Ecologists and biogeographers often use randomly located plots or arrays of one-dimensional samples to analyze patterns. Such data can be analyzed using spatial statistics tools such as Ripley’s K statistic, which is defined as the expected number of individuals within a distance of a randomly chosen individual in a population (Ripley 1976; Kenkel 1988, 1994; Cressie 1993). The method has been used to study vegetation mortality patterns and tree interactions in numerous systems (Andersen 1992; Szwagrzyk and Czerwczak 1993; Vacek and Lepš 1996; Cole and Syms 1999; Eccles et al. 1999). The method is not ideal in all situations, as it requires complete enumeration of the target (e.g., all trees in a study area must be analyzed). This is not always practical over large scales. In such cases, researchers can use either a remote sensing approach or a more comprehensive field-based approach to more completely enumerate a target prior to analysis. For example, Kelly and Meentemeyer (2002) and Liu et al. (2006) used remote sensing and spatial analysis to quantify the clustering of overstory mortality associated with sudden oak death across large scales.
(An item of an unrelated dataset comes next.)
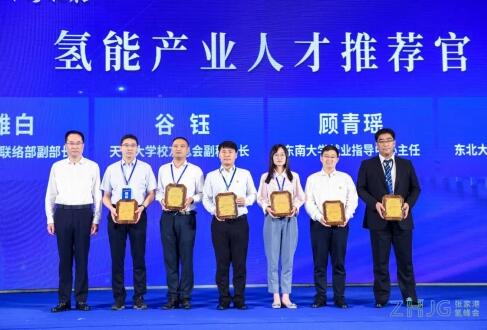 接著韓衛(wèi)市長又向浙江大學(xué)對外聯(lián)絡(luò)部副部長沈雄白、南京大學(xué)化學(xué)化工學(xué)院教授許波連、天津大學(xué)校友總會副秘書長谷鈺、東南大學(xué)就業(yè)指導(dǎo)中心主任顧青瑤、東北大學(xué)校友總會副秘書長高廣、蘇州大學(xué)能源學(xué)院教授韓東麟等六位高校教授和相關(guān)部門負(fù)責(zé)人分別頒發(fā)了張家港市氫能產(chǎn)業(yè)人才推薦官聘書。

A remote sensing approach cannot capture understory or tree-specific symptomology, and thus two-dimensional transect data are commonly used because researchers can cover large areas while capturing vegetation detail and spatial location, thus adequately capturing landscape-scale patterns in vegetation distribution (Wilson and Gurevitch 1995; Akashi 1996; Ma et al. 2001; Bryant et al. 2005).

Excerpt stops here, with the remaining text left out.